While trolling Instagram today I came across a post that hit home. It started off, “January 1st seems like yesterday, and yet I’ve not made the progress that I had intended to make by now”. It caused me to pause a moment and think about where I am today. I asked myself, ‘have I made the progress that I think I should have made by today, 13 January 2018?’

Today it’s 13 days post new year. Where do I think I should be?

Well that depends. Am I asking in my personal life or my professional life?

In my professional life, I am certainly in a good place on day 13 of the new year. While I sometimes feel entrepreneurship sucks, I have been making strides in both my businesses this year. I have implemented successful tasks within my blogging business, that has made me happy. After searching and joining many blogging communities, I finally found one that has really made a positive impact in my blogging career. The 10k Blog Traffic Challenge is the perfect challenge if you are a new blogger.

As a small business owner, I still struggle. I have committed to some daily tasks that, while I have fallen short I have still made more progress in these 13 days than I had before 2018.

Now…..

Run your own race!

If I asked myself the same question, ‘where do I think I should be’ in my personal life? Wow, now we are in dangerous waters.

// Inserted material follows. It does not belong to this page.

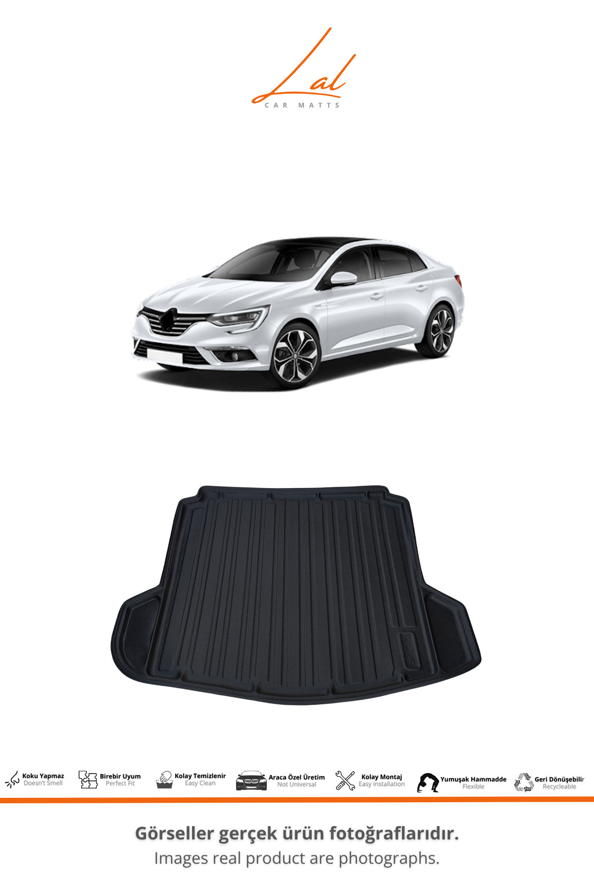 Renault Megane 4 Sedan model araçlarınız için özel olarak tasarlanmış, aracınızın bagaj alanını koruma altına alan 3D havuzlu paspas seti

As a 49 year old, I could certainly be in a better place, especially if I compare myself to others. Heck, compared to others, I should be a homeowner, debt free, married and blissfully sharing photos of how awesome my husband is because he has either treated me to a trip, sent me to the spa, cooked dinner or bought me some wonderful gift just to say he loves me.

Well guess what, I have none of the above.

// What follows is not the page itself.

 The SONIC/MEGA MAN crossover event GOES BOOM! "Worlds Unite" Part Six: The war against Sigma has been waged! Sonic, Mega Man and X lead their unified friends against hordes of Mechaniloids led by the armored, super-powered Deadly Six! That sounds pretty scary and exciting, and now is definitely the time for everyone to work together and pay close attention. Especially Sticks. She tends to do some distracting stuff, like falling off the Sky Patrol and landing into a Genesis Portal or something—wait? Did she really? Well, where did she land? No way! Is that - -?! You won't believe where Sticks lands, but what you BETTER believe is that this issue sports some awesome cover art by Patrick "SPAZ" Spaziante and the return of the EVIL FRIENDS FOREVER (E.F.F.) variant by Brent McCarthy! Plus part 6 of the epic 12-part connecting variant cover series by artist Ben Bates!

I am a single women, who went on less than five dates in 2017, I have more debt than the cost of a home purchased by a first time home owner, and I have more wine glasses than girlfriends.

Now don’t get me started on social media. Based on the groups I have been added to, or the pages that I follow that were once nice and fun pages have now changed their name to something that has me to following a life coach, a financial coach, health or relationship advisor. These individuals will have me working 5 jobs, saving 90% of my income, paying down debt before I eat, talking to the dog so I can get the owner to like me, eating only juiced dandelions and wearing the same outfit for 30 days per the ‘1 outfit 30 day capsule’.

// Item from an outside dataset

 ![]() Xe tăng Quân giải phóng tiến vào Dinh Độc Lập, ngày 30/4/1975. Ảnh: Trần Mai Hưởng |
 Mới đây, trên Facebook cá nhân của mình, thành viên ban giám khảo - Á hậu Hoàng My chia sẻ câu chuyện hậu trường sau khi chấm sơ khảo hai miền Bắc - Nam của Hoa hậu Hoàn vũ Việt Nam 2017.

But if I really look at ME and what I have done in the best interest of ME on day 13 of the new year. I am not where I thought I’d be, I have surpassed my expectations.

I knew that I had too much debt. And after following too many financial figures, I realized I had to take steps that were in my best interest not what seemed to be the industry norm. I had to swallow the guilt of recognizing my situation and just do what was needed to be done. So I filed bankruptcy. And yes, I filed it myself because I was not in a position to be able to pay for an attorney.

Yes, I am single. While I had not set any goals around a ‘love’ relationship for 2018, I am not worrying about it. Since my divorce, I have taken ‘myself’ on more dates than I have been with someone else.

My weight may not be model ready, but I like my weight. I decided that in 2018 I would commit to more 5k runs and train for a half marathon. I am happy to say I am on a 7 week run streak. And I am eating what I want. (chuckle)

I am not running out to shop for new clothes, but I certainly have more than 1 outfit.

See in recognizing what needed to be done, I didn’t let anything stop me.

So I am here to tell you to run your own race. When it comes to identifying where you are or should be in life, turn off the computer, the TV and even the radio. Review your own ‘stuff’ in no comparison to anyone or anything else. See you only know where you should be and it will only be revealed through self-reflection.

When I reviewed ME, I realized that on this 13 day of the new year, I am right where I should be. Thank God!